In most cases, the parties themselves, together with their respective accountancy advisers, will be able to settle the completion accounts. If not, the SPA usually provides for expert resolution of any dispute. It is rare for lawyers to get involved, but if there are ambiguities in the wording of the SPA, the parties may end up in proceedings. There can be issues as to the arbitrability of the dispute if expert determination is the primary mechanism for resolution.
In recent years, the “locked box” mechanism has often been used instead of completion accounts in order to reduce the scope for post-completion disputes. With the locked box approach, a date is chosen (often one which coincides with the date of the last full audit) for the pricing valuation, with completion taking place long enough afterwards for the parties to have fully got to grips with the accounts as at the valuation date and agreed the price, with no need to reopen it afterwards. This reduces the prospect for disputes as there is then only the period between the valuation date and completion to be reviewed afterwards. Often the SPA contains provisions to avoid “leakage” and other possible upsets to the “locked box” package.
This does not mean the scope for disputes has been eliminated entirely, particularly if the period between the valuation date and completion is relatively long. Indeed, if the pre-contractual negotiations are prolonged so that the next audit date gets close, the parties may consider postponing the valuation date till afterwards and using the fresh audit numbers. However, in practice, having negotiated for so long based on the previous set of figures the parties may be reluctant to start all over again.

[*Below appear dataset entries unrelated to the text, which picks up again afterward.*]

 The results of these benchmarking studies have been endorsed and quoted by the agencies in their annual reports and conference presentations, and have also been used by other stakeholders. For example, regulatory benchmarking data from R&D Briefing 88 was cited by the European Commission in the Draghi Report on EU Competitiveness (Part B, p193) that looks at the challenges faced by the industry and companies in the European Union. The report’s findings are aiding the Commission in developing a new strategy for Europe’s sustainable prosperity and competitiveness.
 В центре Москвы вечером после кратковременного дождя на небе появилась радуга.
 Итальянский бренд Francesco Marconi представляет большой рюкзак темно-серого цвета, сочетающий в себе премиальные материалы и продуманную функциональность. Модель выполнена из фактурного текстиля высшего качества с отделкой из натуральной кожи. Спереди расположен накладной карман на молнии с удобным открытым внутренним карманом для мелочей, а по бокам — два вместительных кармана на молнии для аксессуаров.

In a country like Russia where there is often a need for anti-monopoly approval (and sometimes other consents) after finalisation of the SPA, delay may not be wholly avoidable.

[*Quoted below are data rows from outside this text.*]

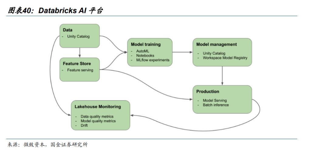 12 月 16 日,Databricks 宣布完成超过 40 亿美元融资,投后估值 1340 亿美元。经营数据方面,公司披露其第三季度对应的年化营收规模超过 48 亿美元,同比增长超过 55%;同时将其 AI 相关产品与数据仓库业务的年化收入规模均超过 10 亿美元,并在过去 12 个月实现自由现金流为止。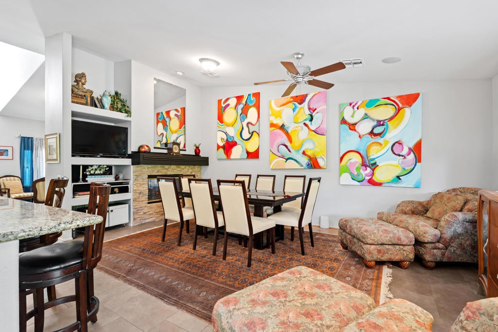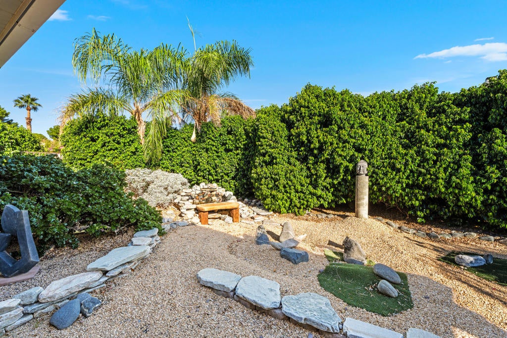 Welcome to Mission Lakes Country Club! This well laid out home features three well-proportioned bedrooms, two bathrooms PLUS an office. The oversized primary bedroom offers large closet and storage space. An open floor plan with high ceilings is great for entertaining. The kitchen, with its Stainless Steel appliances, is open to the family room/dining area plus there is an extra living area for larger gatherings or just some extra separation. There is also a fireplace in both the living room and the family room for those cool desert nights. The home is situated on a corner lot which provides a little extra privacy, plus opens up some of the views. Backyard has a large relaxing shaded patio cover where you can look out at the tranquil water feature. The entire yard is low maintenance which will allow you to have more time to spend time doing all that the community has to offer. Low HOA fees currently of $485 per month include gym, pool and unlimited golf for two on title on their championship Ted Robinson designed golf course. $20 per month of the fee is appllied to dining in their restaurant. Come see all that Mission Lakes has to offer
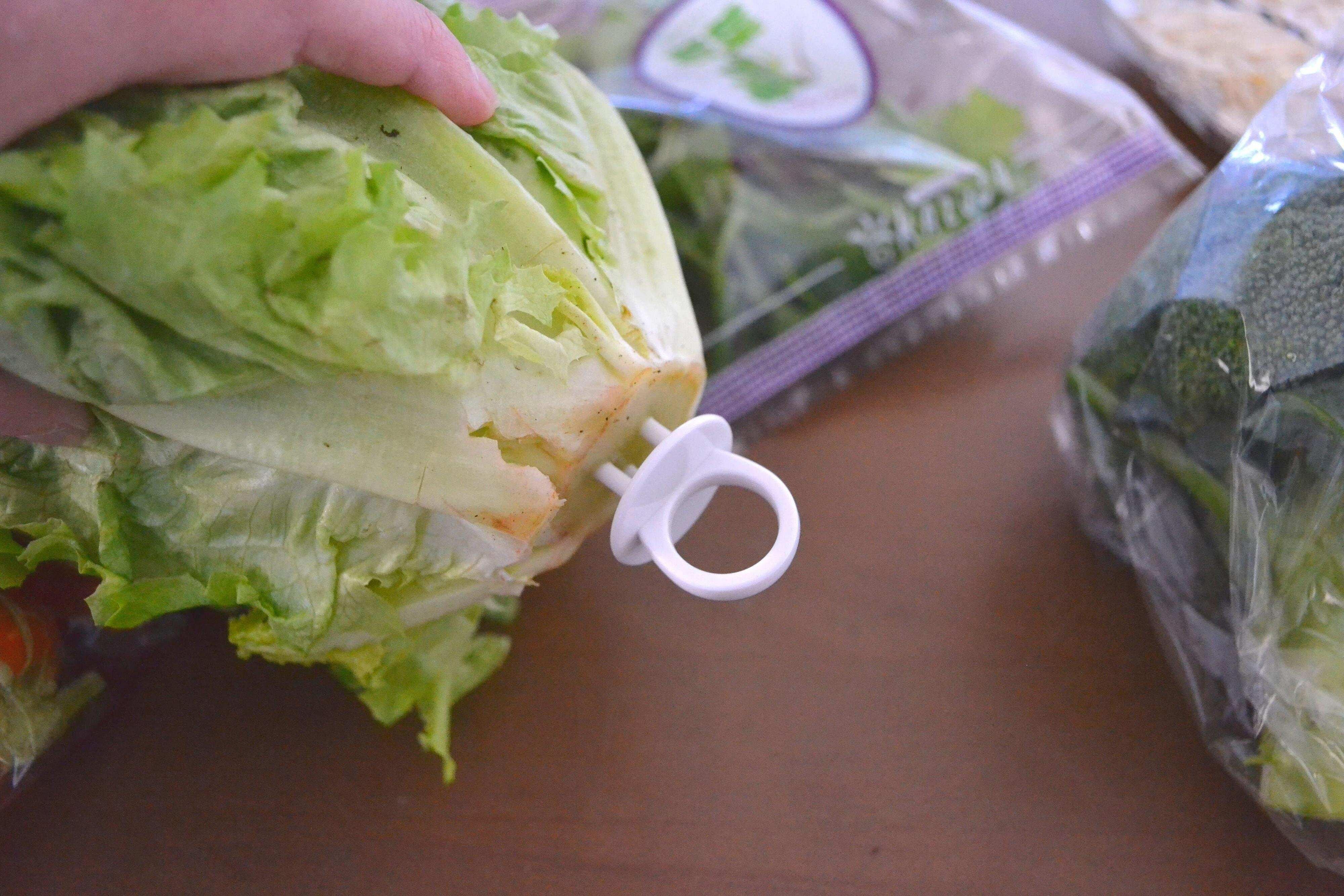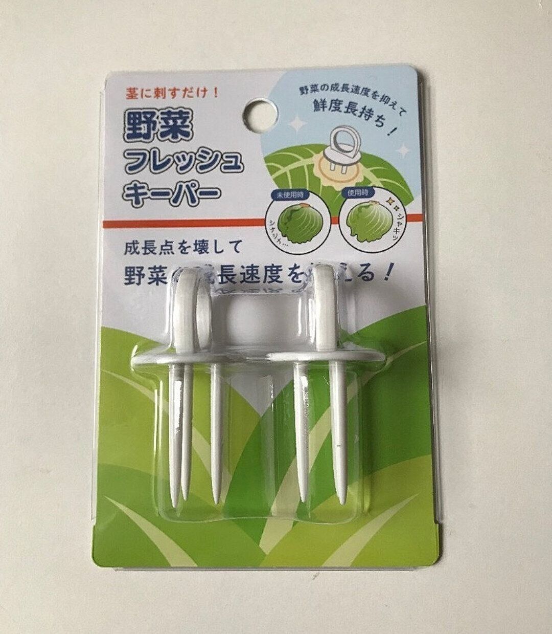 レタスやキャベツは収穫後も芯の部分が葉から栄養をもらって成長しようとし続けます。そのまま保存すると劣化が進むので、芯にこちらの商品を刺すことで成長をストップして長持ちさせてくれるのです。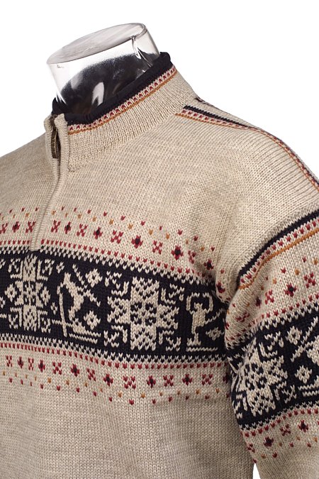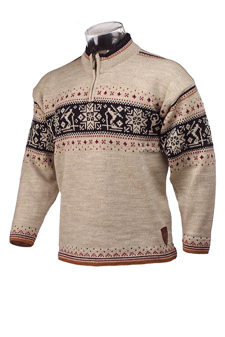 The 2006 Colorado Springs sweater was proudly worn by U.S. athletes during the 2006 Torino Olympic Winter Games. A true collector's item, this is special Olympic edition of Colorado Springs sweater from Dale and will not be produced again. It features official Olympic Team USA insignia, and a cool story. Steamboat Springs is said to have been named by three French fur trappers traveling down the Yampa River in 1865. They heard a chug-chug sound like that of a paddlewheel steamer traveling toward the sound, they discovered it to be one of the areas numerous bubbling springs hence the name Steamboat Springs. In 1912 the arrival of the Norwegian by the name Carl Howelson changed Steamboat Springs forever. Howelson brought with him his love of skiing and taking advantage of the natural terrain and climate was soon giving ski jumping lessons to local youngsters. By 1914 he had organized the first Winter Carnival and jumping competition an event that is held to this day and was honored in 1917 by having the towns official ski slope Howelsen Hill named after him. The Steamboat sweater is an honor to this areas rich history, culture and magnificent scenery. The lines around the waist and on the shoulders are inspired from Ute Indian basket weaving and the large star shaped pattern on the chest is taken from a detail on an old quilt. The eight leaf between the main patterns ties bonds to the Norwegian heritage and culture. In the middle there are the bubbling springs which have given name to the area. In the pattern you can also picture the magnificent Steamboat scenery with its many snow-capped mountaintops the highest stretching over 10500 feet.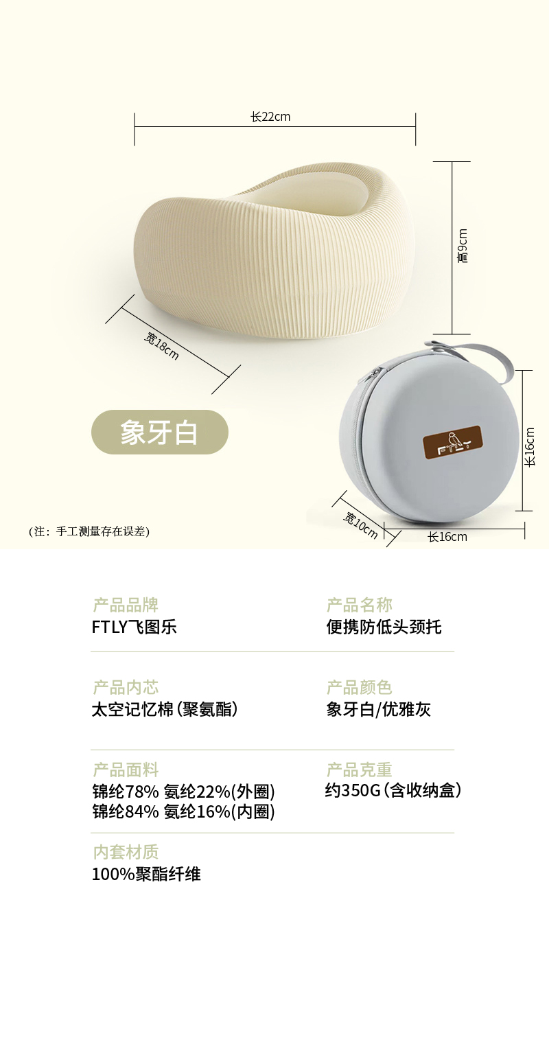 飞图乐(FTLY) JT0102 350g 便携防低头颈托 优雅灰(单位:个)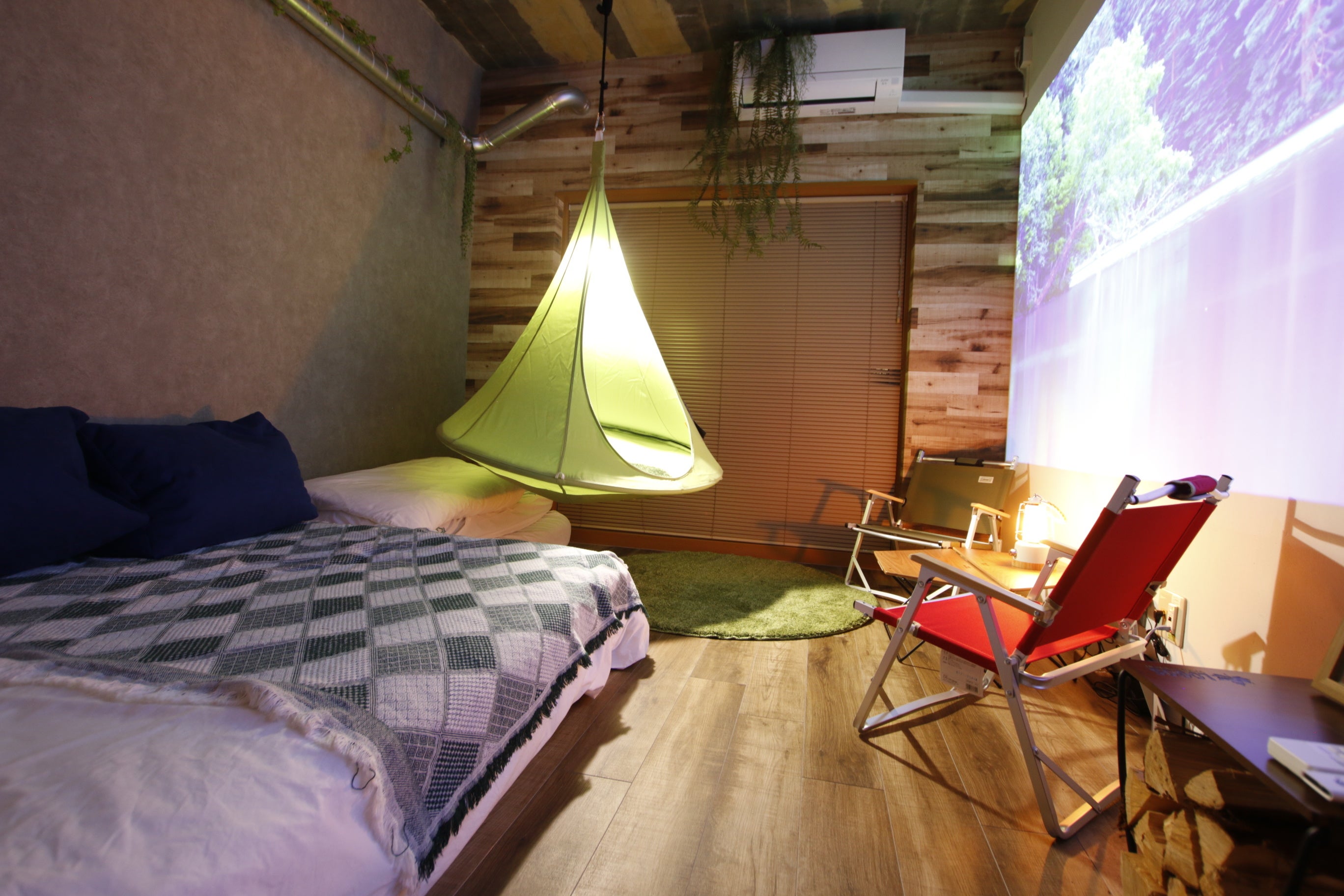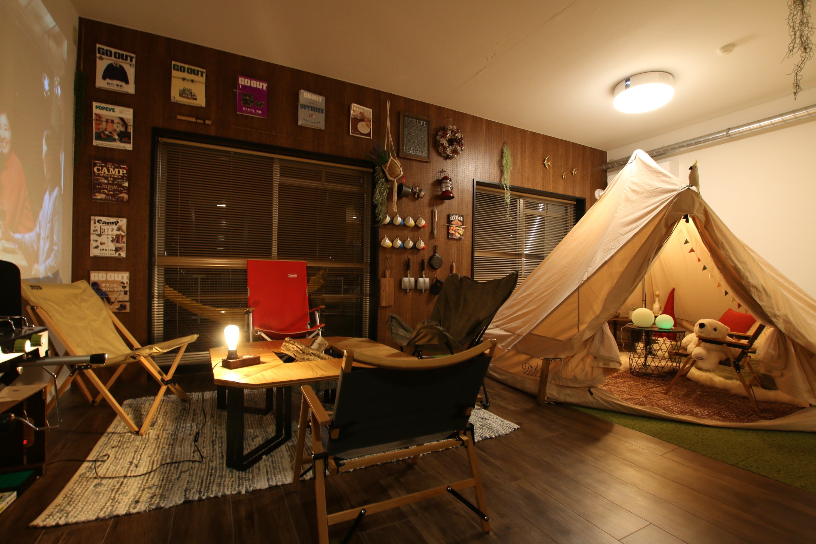 夏でも冬でもオールシーズン気軽にキャンプ気分が楽しめる屋内型キャンプ場をコンセプトにデザインされたお部屋です。

In some deals the focus is less on the past and more on the future, the initial purchase price being relatively low and the buyer undertaking to pay additional amounts to the seller after completion depending on the target company’s performance or, sometimes, if there is an on-sale of the company at a higher price. The team in control of the company after completion may be tempted to use techniques that reduce the profits during the earn-out period but will deliver for them when the erstwhile owner is out of the picture. It can sometimes be difficult to determine and prove (to the relevant legal standard) what the problem is, in others it may be more obvious. Again, the devil is often in the detailed drafting of the SPA. There was an English case which turned on an anti-avoidance provision that did not necessarily envisage the specific behaviour or technique used but which proved to be effective in court.
Other disputatious pricing issues
If there is a squeeze-out of minority shareholders or an ongoing joint venture with pre-emption provisions or put/call options, there may also be disputes over pricing. As previously indicated, these issues are beyond the scope of this article - I am just noting that they can arise.